## Work to be completed
Nothing but the lines below from the one with "2013年7月30日,一年一" through the one with "Le plaisir est" should be output, each exactly as given, and no pictures.
#### Provided entries ####
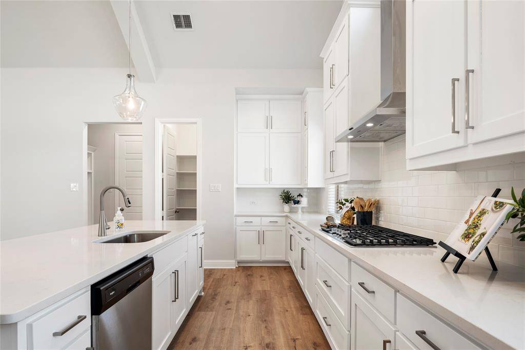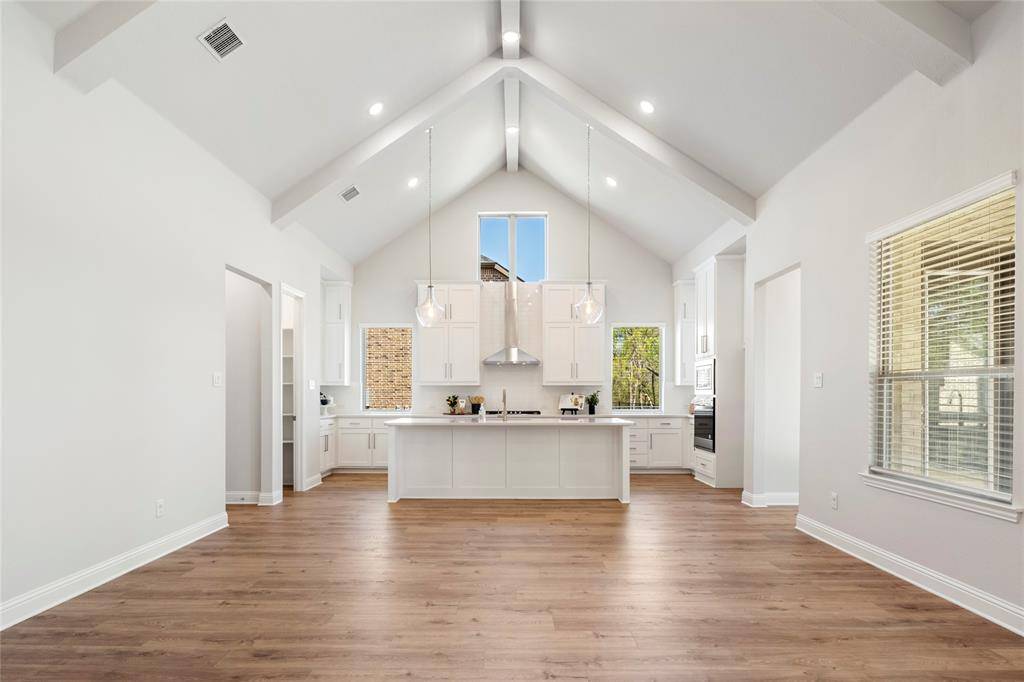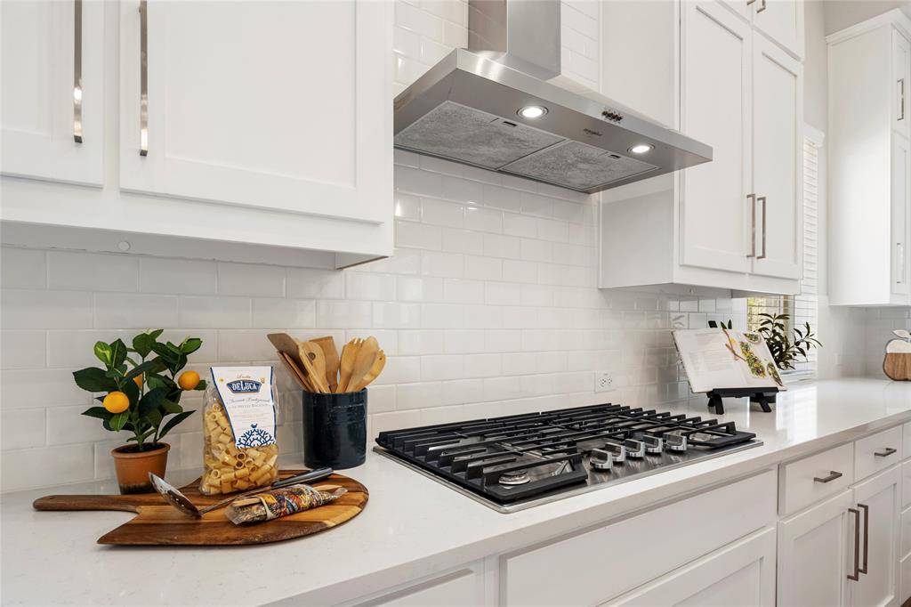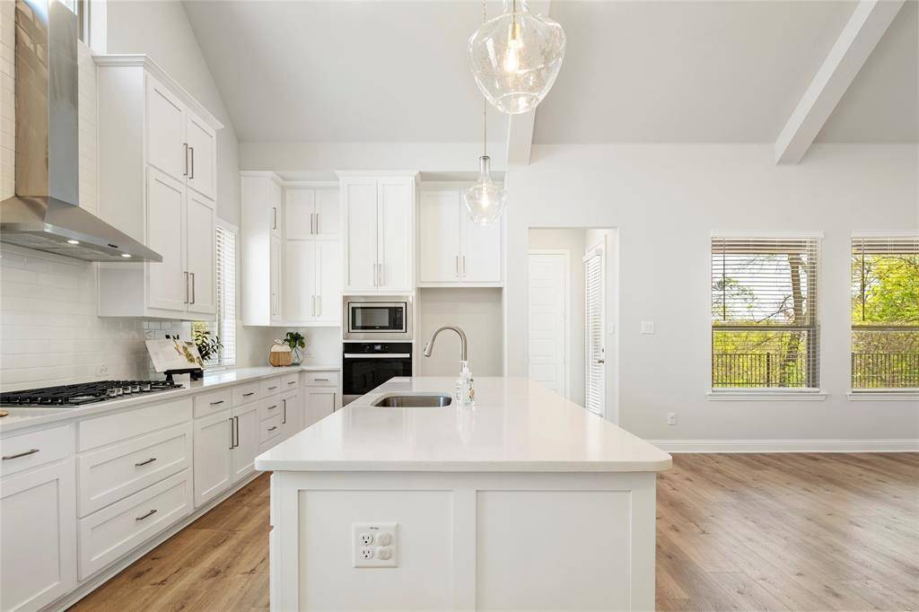 A grand cathedral ceiling elevates the living room, where expansive patio windows invite in abundant natural light and frame serene outdoor views. A charming creek, surrounded by native vegetation, meanders through the property and provides a tranquil backdrop to enjoy from both the living area and the back patio. The adjoining kitchen is equally impressive, featuring quartz countertops, a gas cooktop with vented hood, a large island, glass pendant lighting, built-in appliances, and extensive cabinetry for storage.
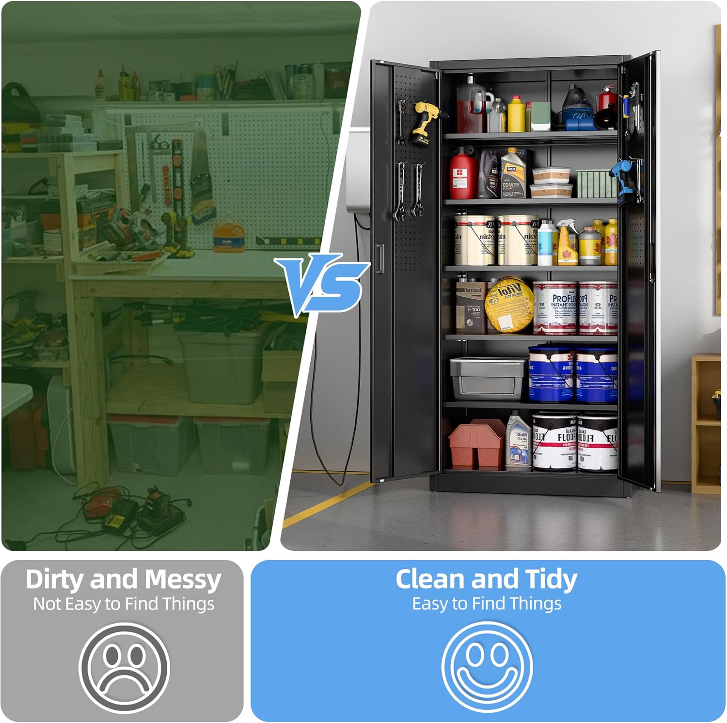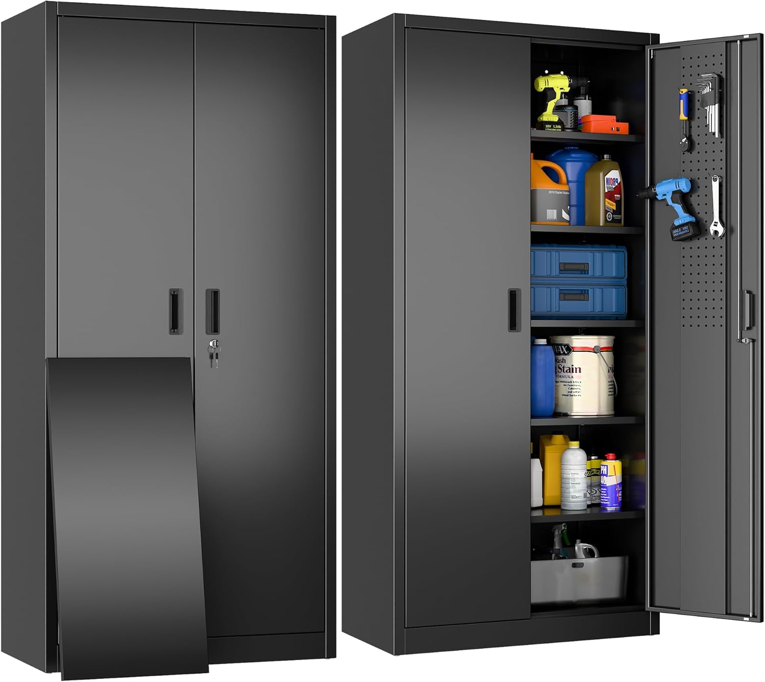 - New Upgrade:Metal Cabinet has lots of room to organize your belongings.In order to meet customer storage requirements, the newly upgraded metal cabinet with Pegboard(Including 4 hooks) for storing tools and other items, fully utilizing space
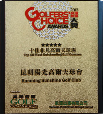 2013年7月30日,一年一度的高球热选大奖在广东清远狮子湖喜来登度假酒店隆重揭晓,昆明阳光高尔夫球会以一贯坚持的高品质球场和人性化服务,荣获“十佳非凡高尔夫球场”。
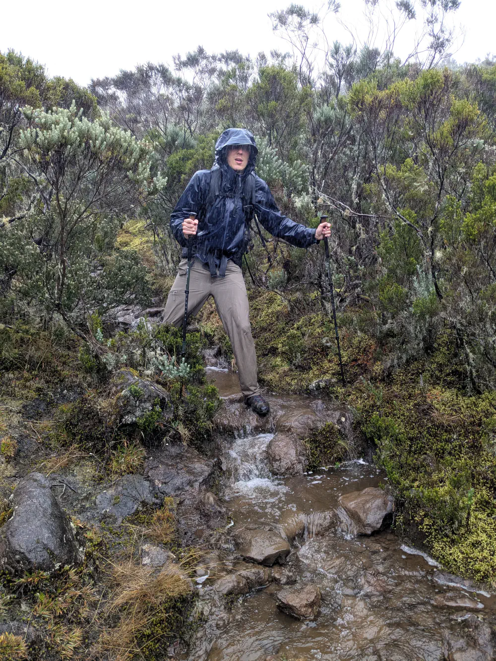 Le plaisir est de courte durée, car il faut se rendre à l’évidence : la pluie ne nous quittera plus aujourd’hui. Commence alors une interminable descente vers la plaine des Cafres, le long d’une crête qui semble magnifique, mais dont nous ne verrons rien. Des heures de souffrances, le chemin est une rivière, nous serrons les dents.
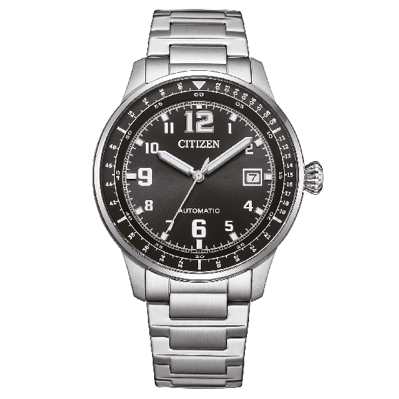 De Citizen® Analogue 'Urban Military' Herenhorloge NJ0190-51E is een perfecte mix van verfijning en robuuste functionaliteit. Dit indrukwekkende horloge beschikt over een automatisch uurwerk, zodat je altijd in sync bent met de avonturen van het leven. Het is vervaardigd met een klassiek ronde kast van roestvrij staal, wat niet alleen de aandacht trekt, maar ook duurzaamheid biedt die de dagelijkse slijtage doorstaat. Met een kastdiameter van 40 mm en een dikte van 12 mm, creëert het een perfecte balans tussen boldness en elegantie. Het horloge heeft een opvallende zwarte wijzerplaat, doordrenkt met een vleugje mysterie, beschermd door robuust mineraalglas dat krassen en slijtage weerstaat. De datumaanduiding op de wijzerplaat biedt extra functionaliteit zonder concessies te doen aan de stijl. De band van roestvrij staal, ontworpen in een stralend zilver, heeft een lengte van 21 cm en een breedte van 19 mm, wat zorgt voor een comfortabele pasvorm om elke pols. Beveiligd met een opvouwbare sluiting met drukknop, garandeert dit horloge dat het op zijn plek blijft tijdens je dagelijkse bezigheden. Met een waterbestendigheid tot 10 bar is het ideaal voor de moderne man die houdt van een actieve levensstijl, of je nu door stedelijke omgevingen navigeert of geniet van weekendavonturen. Het Citizen Urban Military horloge is niet slechts een tijdsaanduiding; het is een statement stuk dat vertrouwen en stijl uitstraalt, perfect voor elke gelegenheid, of het nu gaat om een zakelijke bijeenkomst of een informele uitje.Koop Citizen® Analogue 'Urban Military' Herenhorloge NJ0190-51E bij Ormoda
####
## Answer to this task
 2013年7月30日,一年一度的高球热选大奖在广东清远狮子湖喜来登度假酒店隆重揭晓,昆明阳光高尔夫球会以一贯坚持的高品质球场和人性化服务,荣获“十佳非凡高尔夫球场”。
 Le plaisir est de courte durée, car il faut se rendre à l’évidence : la pluie ne nous quittera plus aujourd’hui. Commence alors une interminable descente vers la plaine des Cafres, le long d’une crête qui semble magnifique, mais dont nous ne verrons rien. Des heures de souffrances, le chemin est une rivière, nous serrons les dents.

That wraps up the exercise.